Given $$$N$$$ strings, we need to count how many pairs $$$1$$$ <= $$$i$$$, $$$j$$$ <= $$$N$$$ exists such that s[i] + s[j] is a Palindrome. Can anyone suggest an efficient approach for solving this problem?
1 <= $$$N$$$ <= 2000
1 <= |si| <= 1000
The lengths of all strings are not necessarily same and all the strings may not be unique.
My approach is to precompute hashes of the given strings and iterate over all pairs i, j now we want to concatenate the two strings $$$s[i] + s[j]$$$. For simplicity let's say $$$length(s[i]) <= length(s[j])$$$
1) if $$$length(s[i]) == length(s[j])$$$ then $$$hash(s[i])$$$ should be equal to $$$hash(reverse(s[j]))$$$.

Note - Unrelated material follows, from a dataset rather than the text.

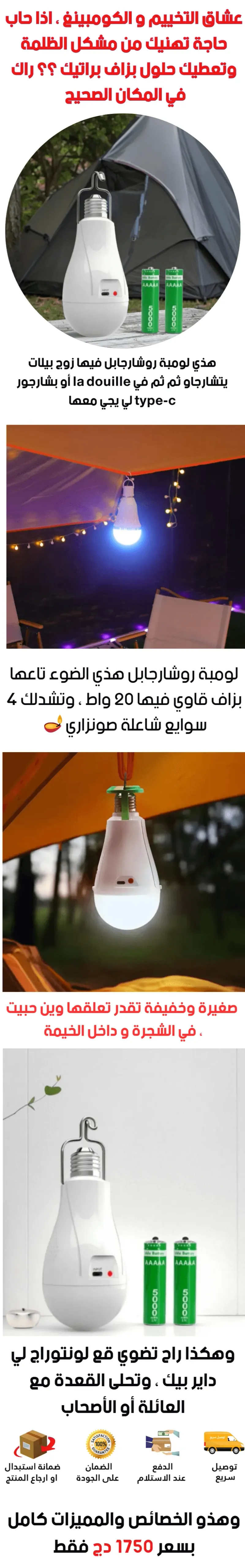مثالي جدا للسفر ، التخييم ، الطوارئ...كي تطيح اونبان ولا كي تروح عليك تريسيتي...لازم تكون عندك لامبة هذي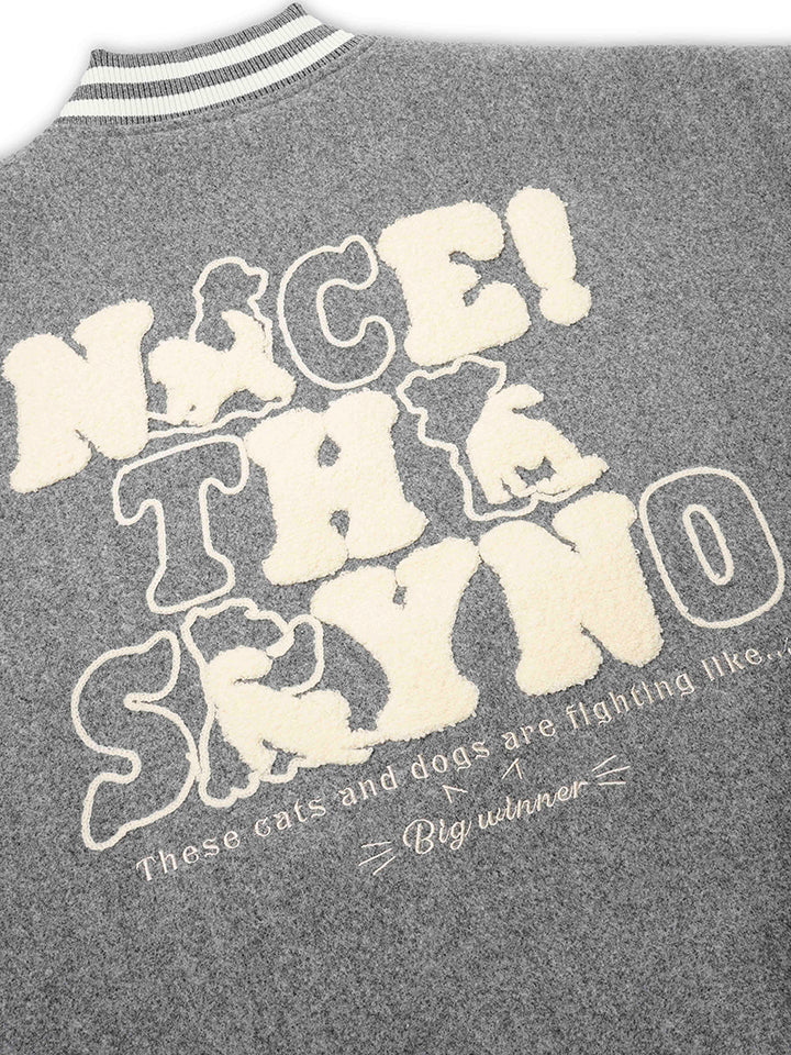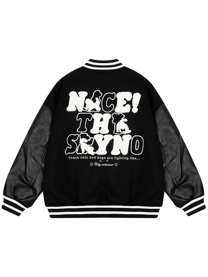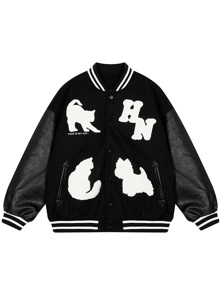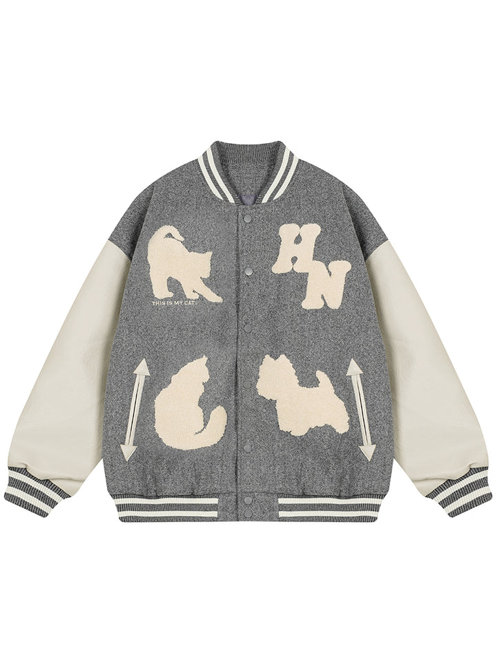 Upgrade your streetwear wardrobe with this standout varsity jacket, combining playful pet-inspired graphics with a bold color block design. Featuring textured chenille-style cat and dog patches, this jacket adds a unique and expressive touch to your outfit. The oversized fit ensures all-day comfort while delivering a relaxed, trendy silhouette ideal for layering. Crafted from durable fabric with soft lining, it’s suitable for everyday wear in any season. Perfect for fashion-forward individuals and pet lovers alike, this jacket makes a thoughtful and stylish gift as well as a must-have addition to any modern casual wardrobe.

2) otherwise take suffix of $$$s[j]$$$ of length equal to $$$s[i]$$$ and check if it's reverse is equal to $$$s[i]$$$ and also remaining prefix of $$$s[j]$$$ excluding the previous suffix should be palindrome.
Any approach other than hashing or any link if it's solution is already published somewhere?
I think this algo works: Let's bruteforce i-th string, and suppose that len(j) <= len(i).In this case i + j is palindrome, if j — prefix of i, and suffix of i with lenght (len(i) — len(j)) — palindrome.So, we will bruteforce prefix of i and count amount of strings, that equal to our prefix.And we will add that value to answer, if the rest of string i is a palindrome.The first part can be done by using trie, and the second by using hashes.Don't forget to reverse i and do the same for reversed string i.This algo takes O(sum(len(i))) time.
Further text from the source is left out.